* DATASET EXCERPTS
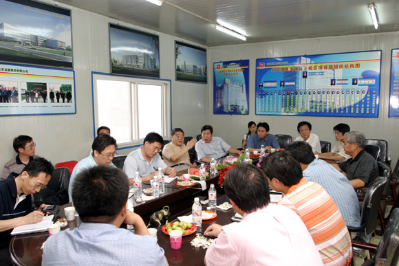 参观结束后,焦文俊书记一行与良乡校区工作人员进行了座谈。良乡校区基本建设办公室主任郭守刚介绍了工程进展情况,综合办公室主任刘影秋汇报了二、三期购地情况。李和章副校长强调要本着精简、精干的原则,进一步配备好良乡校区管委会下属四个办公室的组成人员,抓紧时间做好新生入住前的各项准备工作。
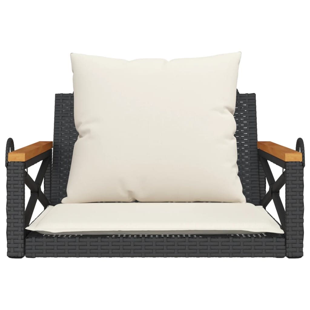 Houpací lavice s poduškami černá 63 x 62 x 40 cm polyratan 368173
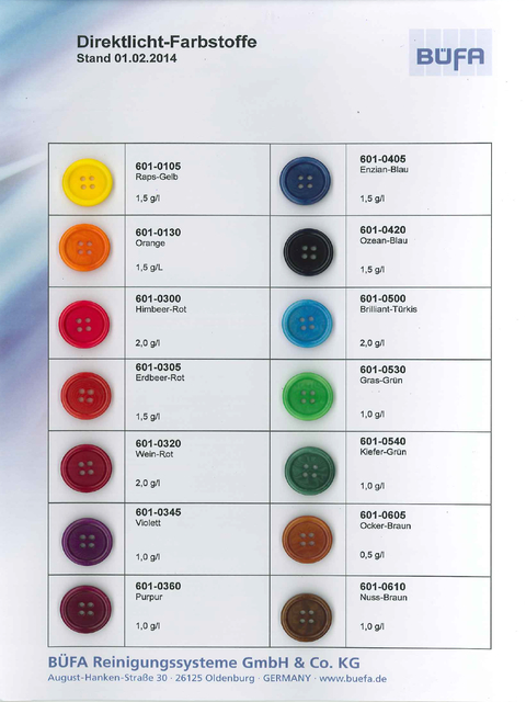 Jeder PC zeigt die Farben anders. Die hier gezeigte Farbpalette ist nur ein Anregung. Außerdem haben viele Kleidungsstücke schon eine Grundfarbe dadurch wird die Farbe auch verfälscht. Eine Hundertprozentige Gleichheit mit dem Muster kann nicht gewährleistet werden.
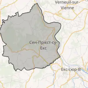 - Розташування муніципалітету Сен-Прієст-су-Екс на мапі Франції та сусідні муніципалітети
...
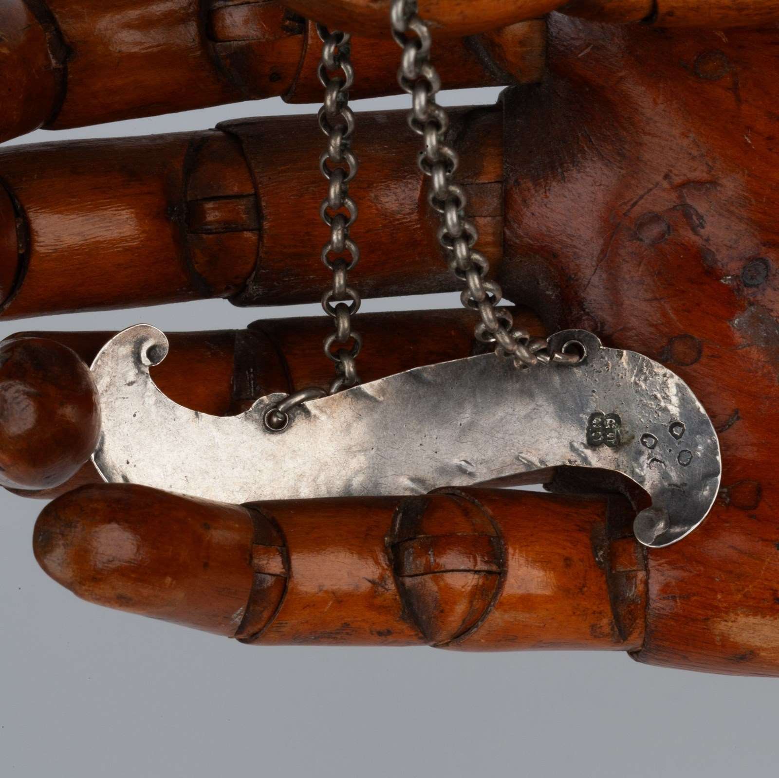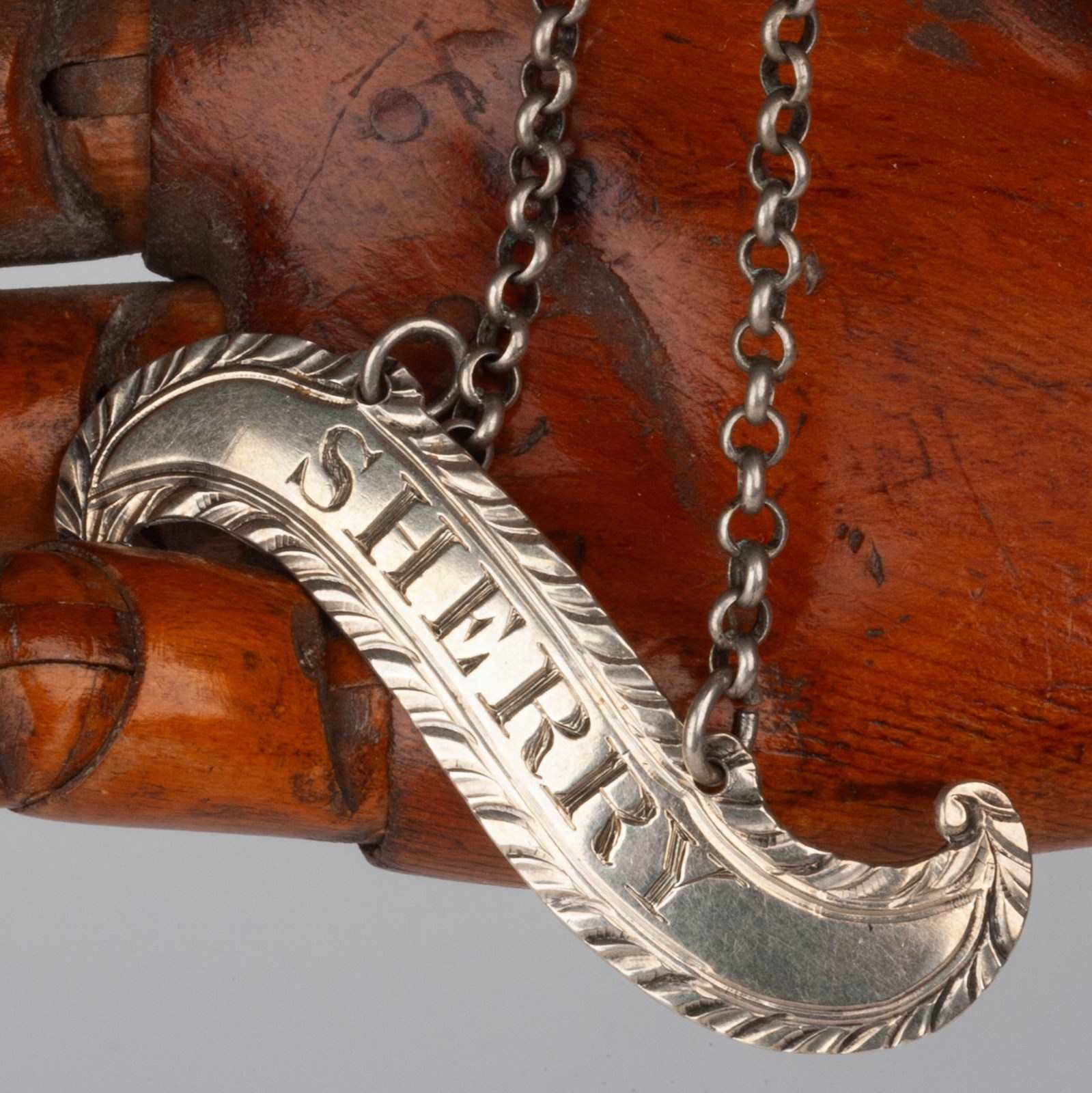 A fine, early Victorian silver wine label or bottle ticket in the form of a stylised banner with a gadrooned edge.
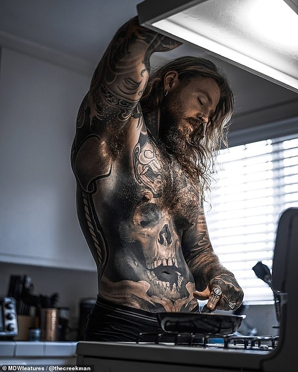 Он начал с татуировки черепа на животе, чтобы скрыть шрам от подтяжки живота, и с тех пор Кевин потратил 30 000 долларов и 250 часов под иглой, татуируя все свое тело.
--
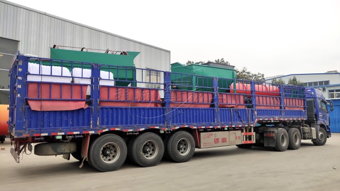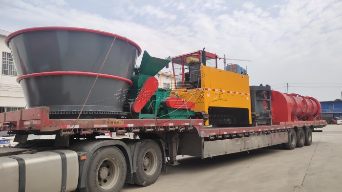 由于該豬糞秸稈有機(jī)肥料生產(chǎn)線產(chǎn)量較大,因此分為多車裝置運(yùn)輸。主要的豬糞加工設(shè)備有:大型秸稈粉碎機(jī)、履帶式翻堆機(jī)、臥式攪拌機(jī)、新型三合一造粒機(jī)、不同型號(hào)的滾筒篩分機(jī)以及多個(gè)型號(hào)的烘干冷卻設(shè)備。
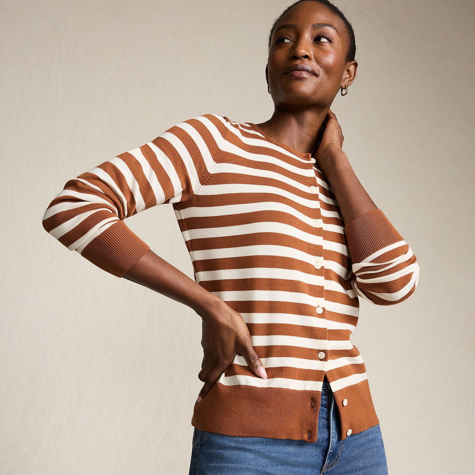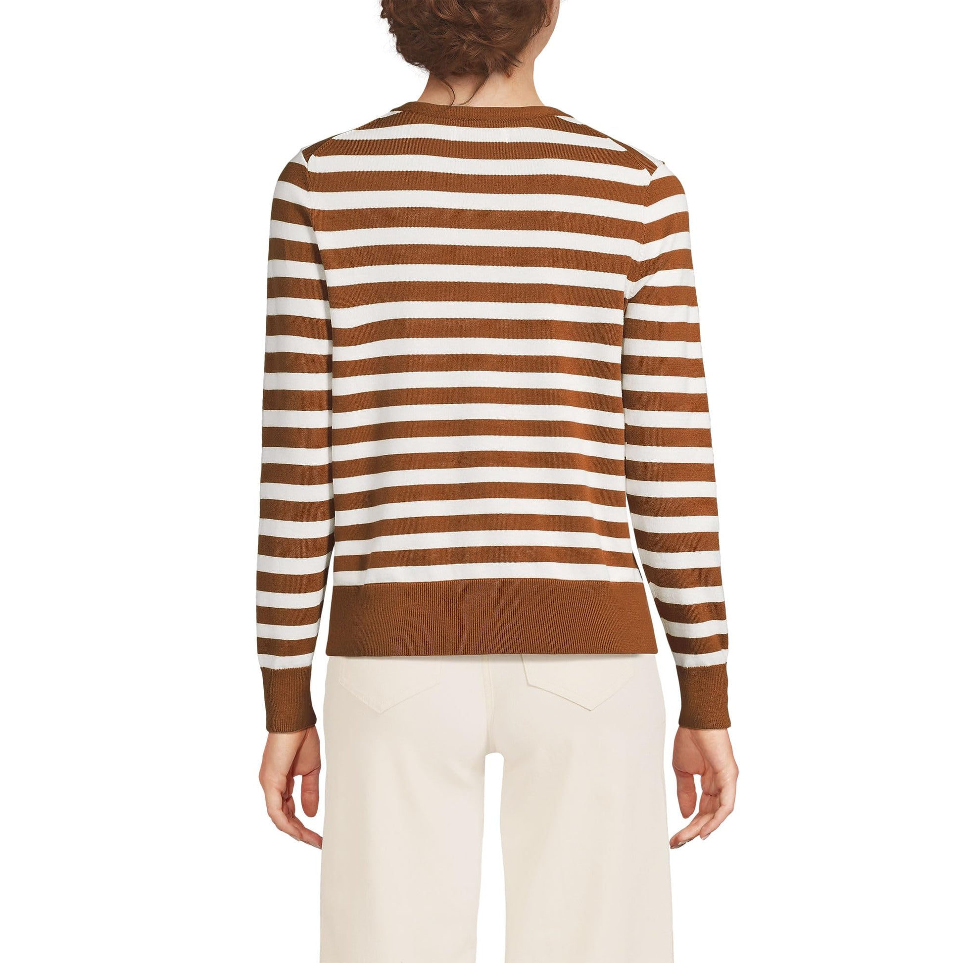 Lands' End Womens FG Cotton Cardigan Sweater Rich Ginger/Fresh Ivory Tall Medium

* GOAL OF THE EXERCISE
Reproduce exactly the lines above starting at the line containing "参观结束后,焦文俊书记一行与" and ending at the line containing "- Розташування муніципалітету", including both, but not the pictures.

* TASK RESULT
 参观结束后,焦文俊书记一行与良乡校区工作人员进行了座谈。良乡校区基本建设办公室主任郭守刚介绍了工程进展情况,综合办公室主任刘影秋汇报了二、三期购地情况。李和章副校长强调要本着精简、精干的原则,进一步配备好良乡校区管委会下属四个办公室的组成人员,抓紧时间做好新生入住前的各项准备工作。
 Houpací lavice s poduškami černá 63 x 62 x 40 cm polyratan 368173
 Jeder PC zeigt die Farben anders. Die hier gezeigte Farbpalette ist nur ein Anregung. Außerdem haben viele Kleidungsstücke schon eine Grundfarbe dadurch wird die Farbe auch verfälscht. Eine Hundertprozentige Gleichheit mit dem Muster kann nicht gewährleistet werden.
 - Розташування муніципалітету Сен-Прієст-су-Екс на мапі Франції та сусідні муніципалітети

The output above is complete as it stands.